5. DNA Methylation in the Control of Tumor Suppressor Genes

The tumor suppressor genes silenced by aberrant promoter hypermethylation encode a wide range of protein products, including cell cycle inhibitors (INK4A/p16 and Rb), DNA repair factors, detoxifying enzymes (GSTP1, glutathione S-transferase Pi 1), angiogenesis inhibitors (VHL, Von Hippel–Lindau tumor suppressor and THBS1, thrombospondin 1), cell–cell adhesion receptors (CDH1, cadherin-1), metalloprotease inhibitors (TIMP3, tissue inhibitor of metalloproteinases 3), and many others [45,46]. Moreover, in addition to protein-coding genes, DNA hypermethylation is critically implicated in transcriptional downregulation of noncoding RNAs, such as miRNAs (see below).

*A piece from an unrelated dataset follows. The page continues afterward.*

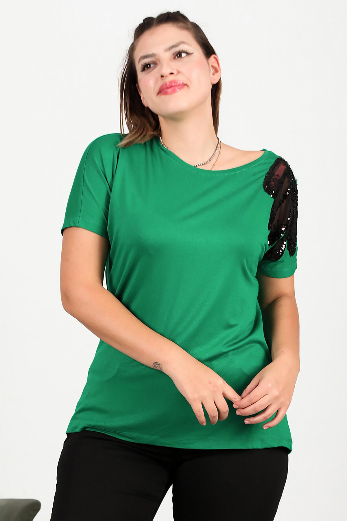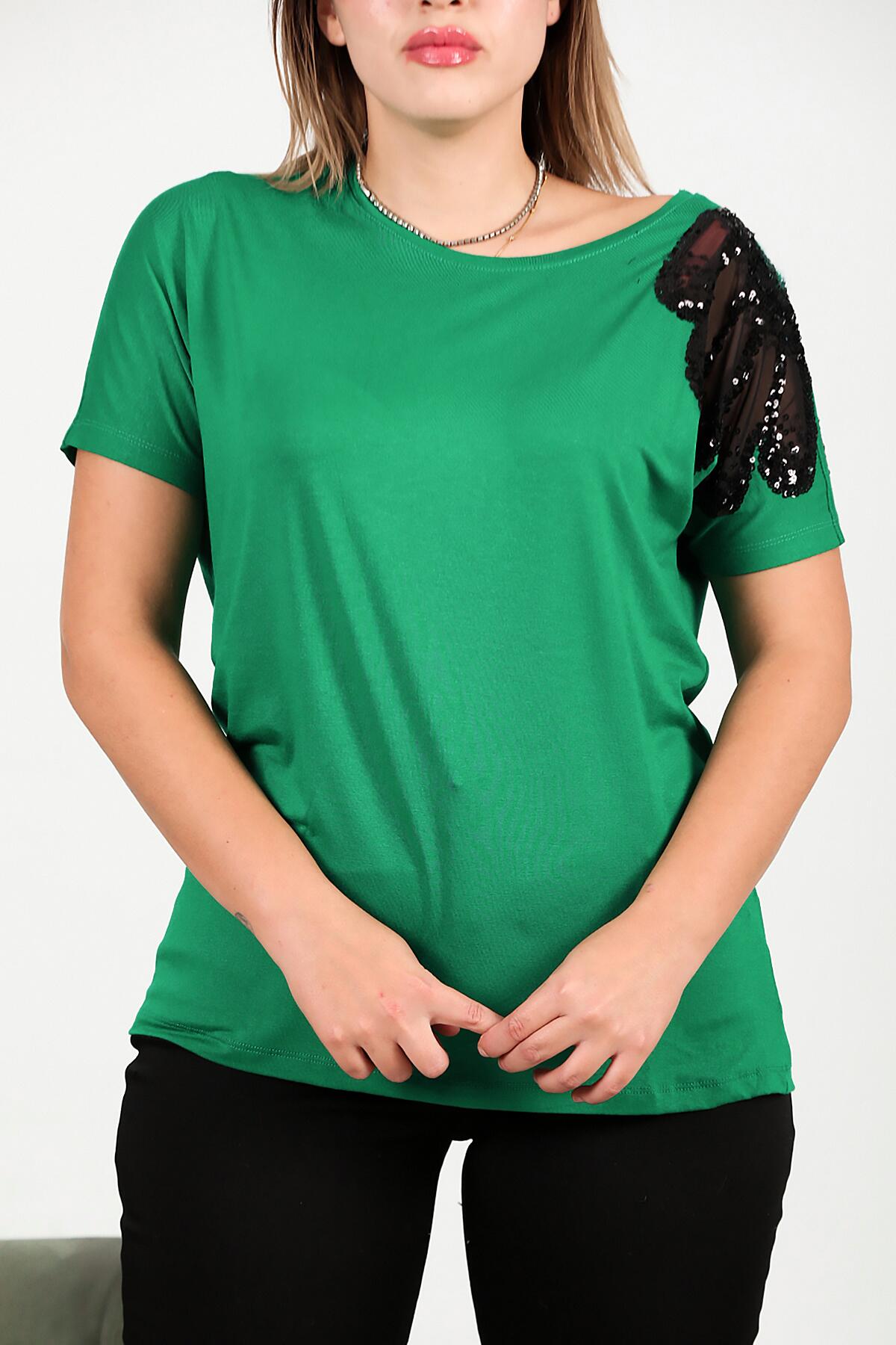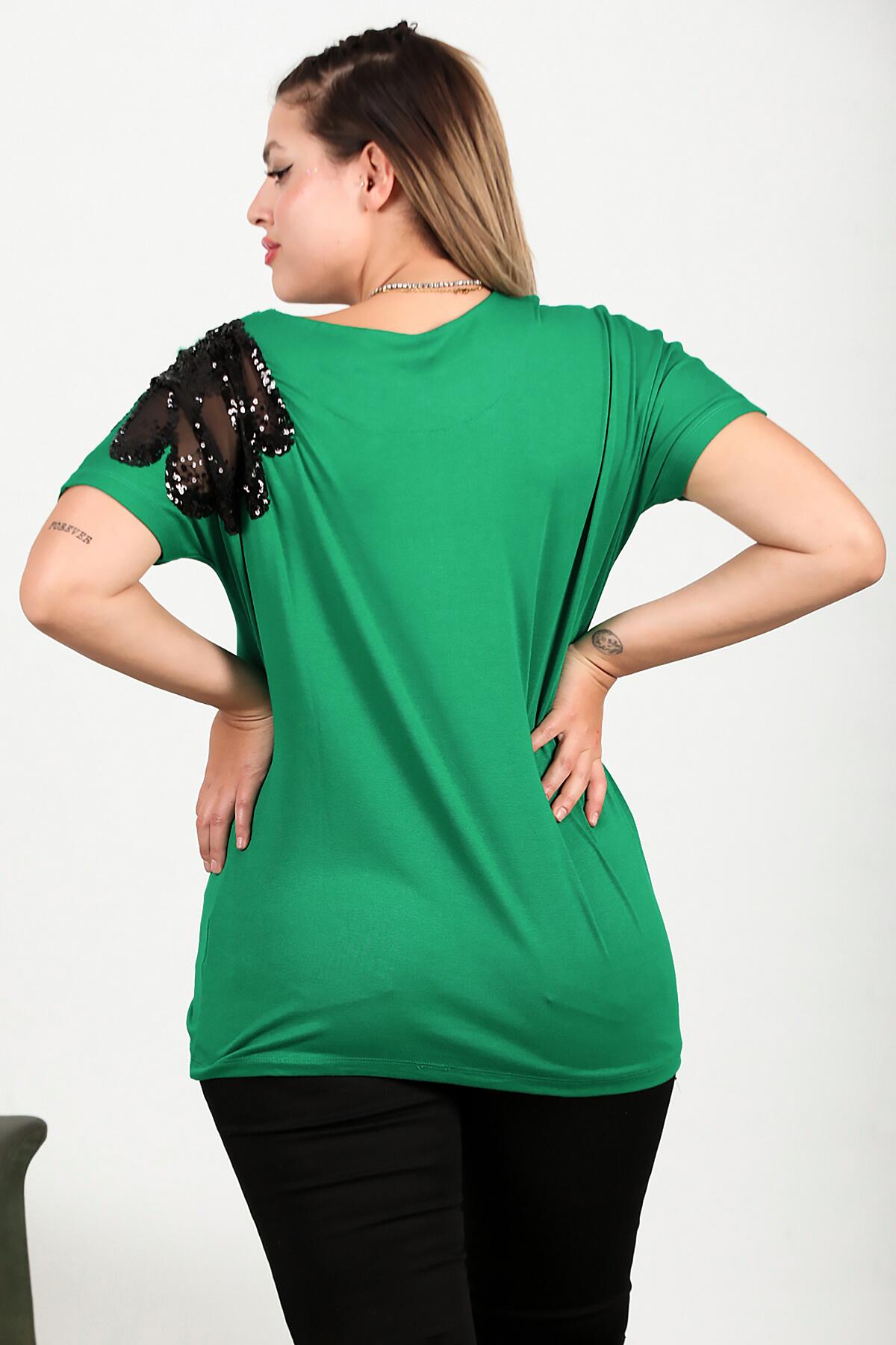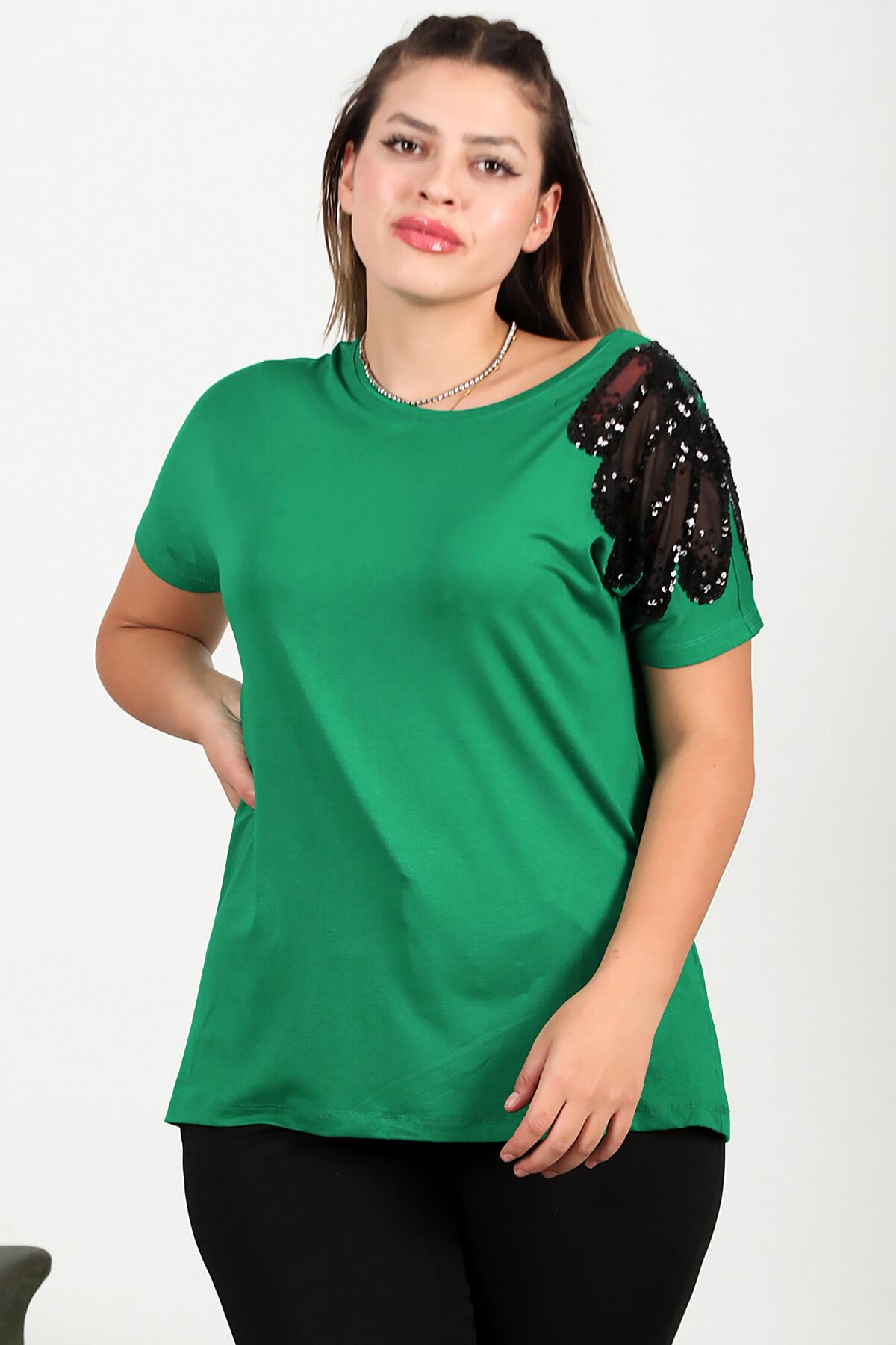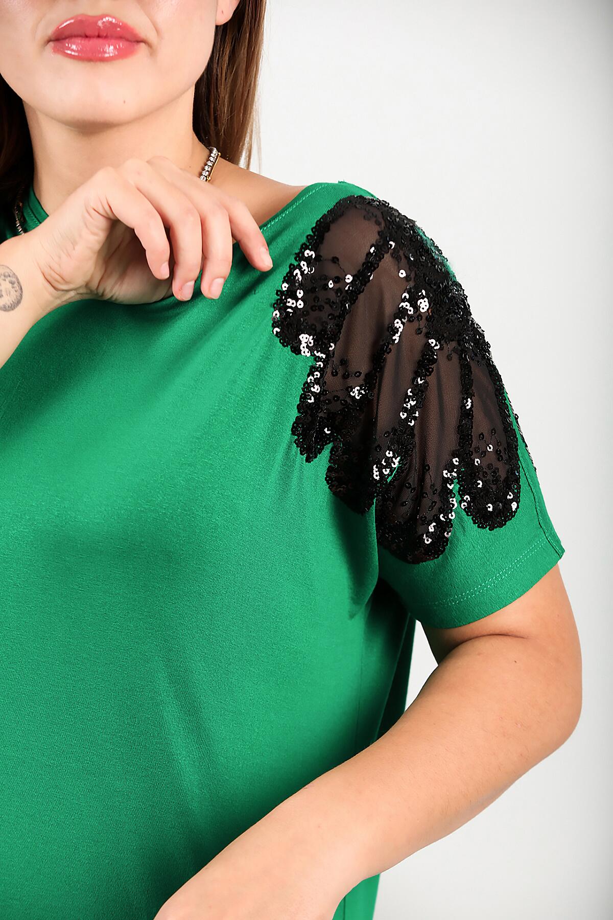 Büyük Beden Omuz Nakışlı Bluz Yeşil

In agreement with the Knudson two-hit hypothesis [47], hypermethylation of promoter regions often represents the second hit, responsible for the loss of the second allele and consequent inactivation of a wide range of TSGs. A prototype example is represented by the promoter hypermethylation of the CDKN2A (cyclin-dependent kinase inhibitor 2A) gene, encoding the INK4A/p16 cell cycle inhibitor, blocking the CDK4/6 activity. CDKN2A promoter hypermethylation is responsible for the inactivation of the wild-type allele in CRC cells in which the other allele has been lost by deletion. INK4A methylation and loss of p16 expression is an early event in breast and lung cancer (NSCLC, non-small-cell lung carcinoma). Accordingly, in breast cancer specimens, INK4a promoter hypermethylation is detectable even in histologically normal human mammary epithelia [48]. Inactivation of the second allele of the tumor suppressor gene RB1 in human retinoblastoma represents another key example of promoter hypermethylation as the second hit. Similar mechanisms affect various TSGs in tumors associated with familial cancer syndromes caused by heterozygous germline mutations [49].

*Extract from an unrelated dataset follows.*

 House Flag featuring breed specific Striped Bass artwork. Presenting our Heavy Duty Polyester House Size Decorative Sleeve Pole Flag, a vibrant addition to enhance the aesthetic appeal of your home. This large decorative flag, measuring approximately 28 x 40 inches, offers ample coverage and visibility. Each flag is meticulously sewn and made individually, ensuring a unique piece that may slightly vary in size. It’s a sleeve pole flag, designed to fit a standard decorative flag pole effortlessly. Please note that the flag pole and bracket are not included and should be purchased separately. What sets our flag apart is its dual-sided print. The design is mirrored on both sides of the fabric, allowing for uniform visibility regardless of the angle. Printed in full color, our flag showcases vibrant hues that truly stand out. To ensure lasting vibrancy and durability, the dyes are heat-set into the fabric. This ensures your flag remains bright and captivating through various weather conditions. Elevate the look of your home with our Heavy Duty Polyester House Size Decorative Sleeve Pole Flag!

The major TSGs implicated in DNA repair mechanisms include MLH1 (mutL homolog-1), MSH2 (mutS homolog 2), MGMT (O6-methylguanine-DNA methyltransferase), and BRCA1/2 (breast cancer gene 1 and 2) [18].

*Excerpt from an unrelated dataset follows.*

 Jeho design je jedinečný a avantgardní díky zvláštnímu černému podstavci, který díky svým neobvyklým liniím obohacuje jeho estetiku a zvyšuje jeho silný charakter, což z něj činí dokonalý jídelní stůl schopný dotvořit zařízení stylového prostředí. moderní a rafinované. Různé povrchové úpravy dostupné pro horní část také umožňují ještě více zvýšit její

MLH1 promoter hypermethylation and epigenetic silencing is implicated in different types of cancers characterized by mismatch repair (MMR) deficiency, which causes insertions or deletions in repeated sequences. Microsatellite instability (MSI) is detected in 90% of hereditary form and 10–15% of sporadic CRCs (colorectal cancers). HNPCC (hereditary nonpolyposis colorectal cancer) or Lynch syndrome is mainly due to germline pathogenic variant in MLH1 or MSH2 mismatch-repair genes [50], except for a subset of patients in which CRC predisposition is transmitted by constitutional epimutations affecting the promoter of MLH1 [51]. Nevertheless, compared to germline genetic mutations, low-level constitutional MLH1 methylation occurs quite rarely in hereditary forms (Lynch syndrome) and cancer risk associated with the epigenetic mosaicism needs to be ascertained. In contrast, MLH1 hypermethylation is highly frequent in sporadic CRC with MSI. Therefore, methylated MLH1 can represent a specific marker for sporadic MSI tumors, which can be used to select patients for genetic testing for Lynch syndrome [51].

While methylation of the promoter region of the MSH2 mismatch-repair gene is very frequent and associated with relapse in multiple cancers, constitutional MSH2 epimutation in families with Lynch syndrome is a rare event [52]. Remarkably, MSH2 methylation in colon mucosa and stemming CRC cells has been found associated with a deletion in an upstream gene (encoding EpCAM, epithelial cellular adhesion molecule) [53].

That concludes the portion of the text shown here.